Matsumoto et al. reported that lower incisor proclination in young patients (mean age 11.23 y. o.) led to a reduction of alveolar bone in terms of height and thickness [23]. Moreover, authors determined a threshold beyond which tooth movement rapidly increased bone loss, i.e., a change of L1-NB (angle between lower incisor to Nasion-B Point line), a change of 0.71 mm and an IMPA (incisor mandibular plane angle) change of 3.02°. Logistic regression estimated a 50% probability of vertical bone loss at an L1-NB change of 2.00 mm or an IMPA change of 8.028.
Castro et al. conducted research on class I malocclusion patients with mild and moderate crowding treated without extraction. This study found that the distance from the cementoenamel junction to the bone crest increased in 57% of the cases, most often in the buccal (75%) and lingual (72%) surfaces of the mandibular central incisors. The difference in bone loss was greater on the lingual side of the incisors [24].

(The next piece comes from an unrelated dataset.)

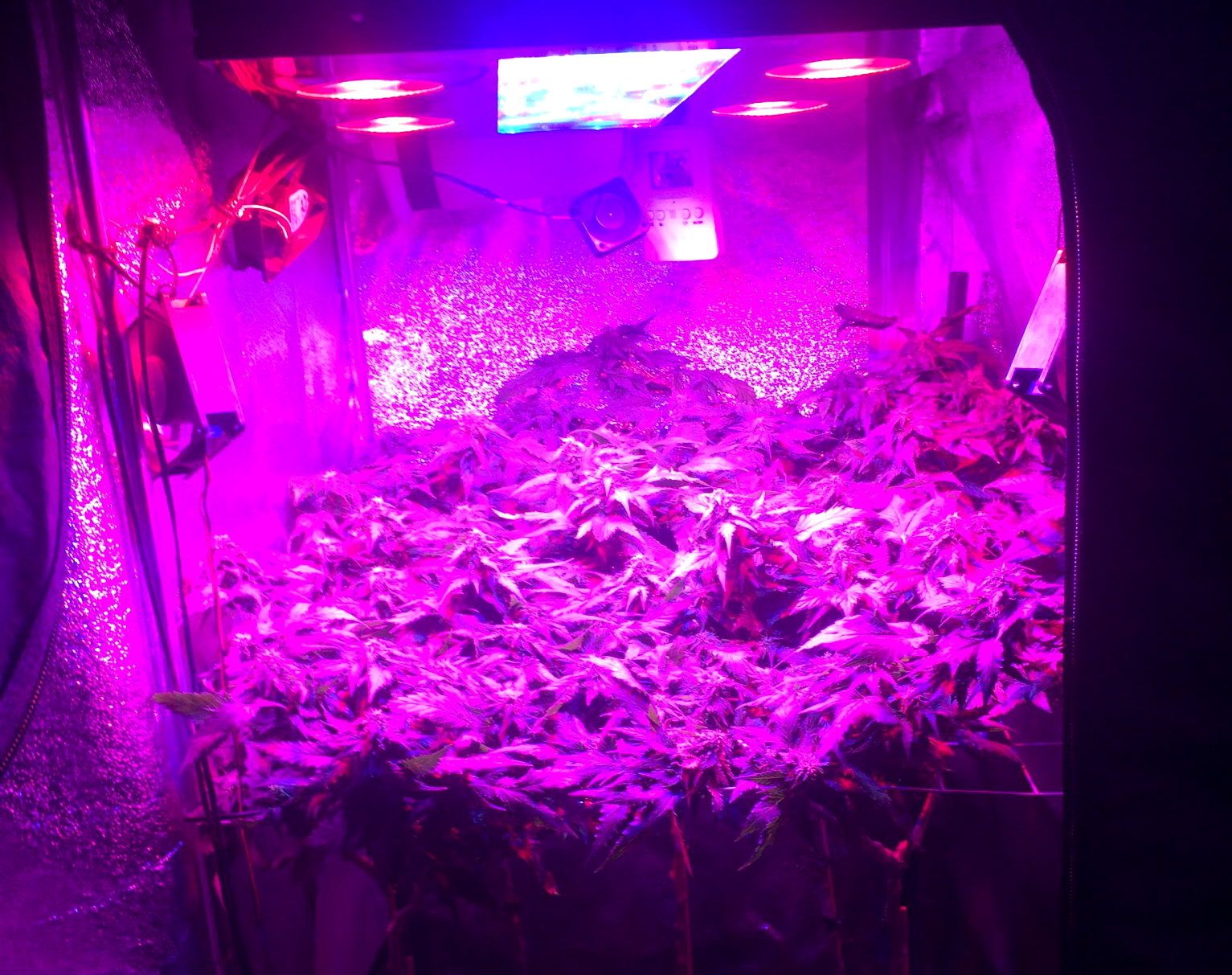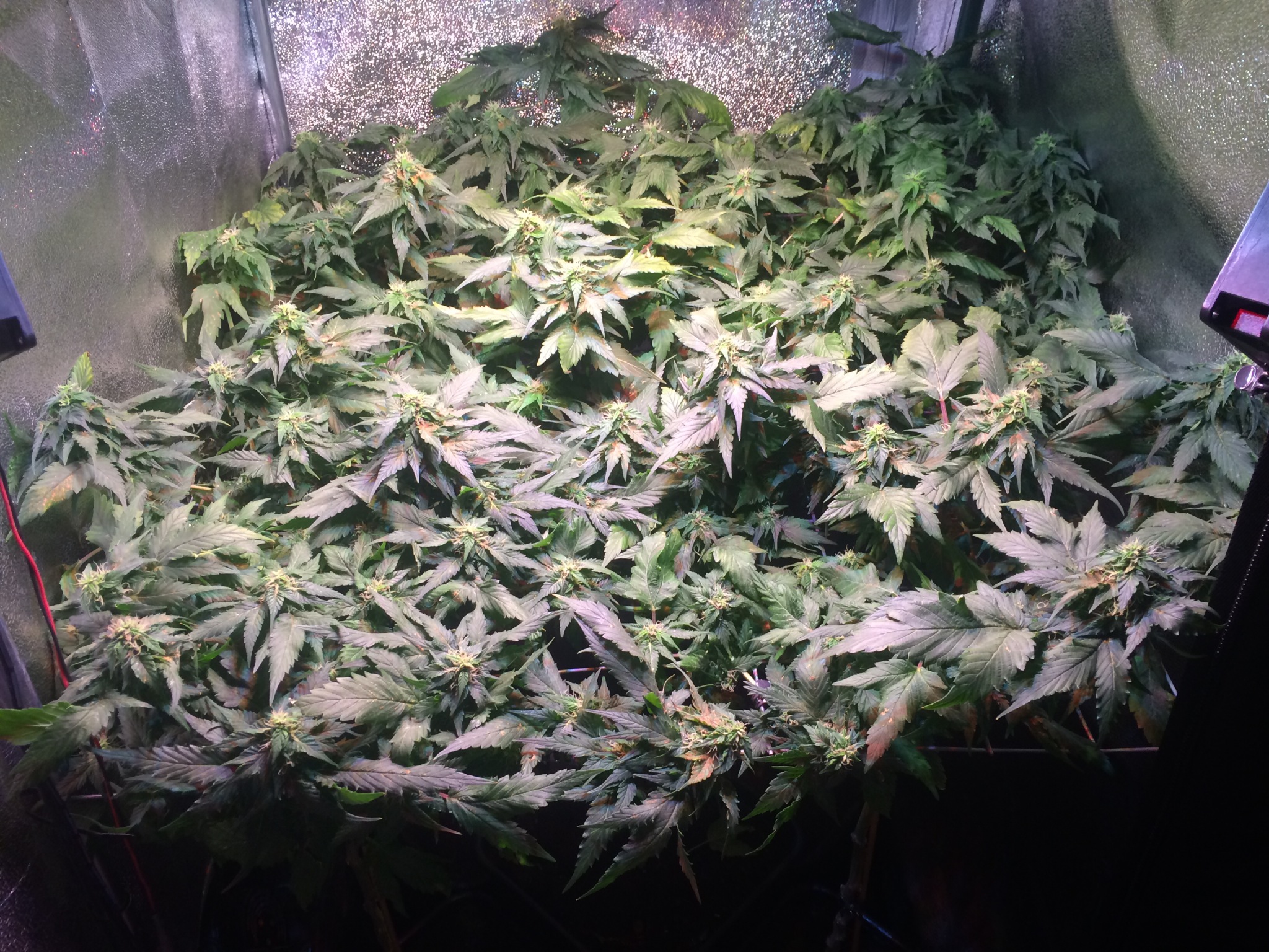 Onder de Horticoled kweeklamp van Elmo bloeien inmiddels al weer zes weken vijf Duckfoot planten en de kleine kweektent begint behoorlijk vol te raken. Zo vol dat Elmo twee weken geleden al een scrogrek moest aanbrengen.

3.2. Incisor Retroclination in Growing Patients

In 2012, Lund et al. published a study on 152 patients aged 10–19 treated with extraction therapy. They found an increase in the distance from CEJ to marginal bone on the buccal aspect of lower central incisors in 67.7% and 74.6% of lateral incisors. The increase on the lingual side was 95.4% and 91.1%, respectively. The difference in distance greater than 2 mm occurred in 22% of central incisors, 24.1% of lateral incisors buccally, 83.4% of central incisors and 66% of lateral incisors lingually [37].
In two articles, authors used computed tomography (CT) obtained before, and three months after incisor retraction, to assess alveolar process changes [35,36]. Regarding the thickness of the bone, Sarikaya et al. reported a decrease in buccal bone at coronal level and in lingual site at coronal, mid-root and apical levels [35]. Similar results were obtained by Krishna et al., with the most significant bone width reduction detected at coronal level [36].
Maspero et al. investigated changes in the alveolar bone in all groups of upper and lower teeth in relation to inclination. Mean change of lower central and lateral inclination was −0.3° and −2.1°, respectively. Orthodontic treatment in the group of 11–16 year-old individuals class I with crowding patients caused buccal and lingual vertical and horizontal bone loss. Moreover, regression analysis indicated that torque changes of ±5 degrees seemed to produce an apical alveolar bone loss of up to −1.5 mm for the lingual sides in mandibular central incisors. Greater variability was found in the buccal aspect of central and lateral incisors, where alveolar bone thickness underwent up to 2.5 mm of bone loss and apposition of up to 0.5 mm [25].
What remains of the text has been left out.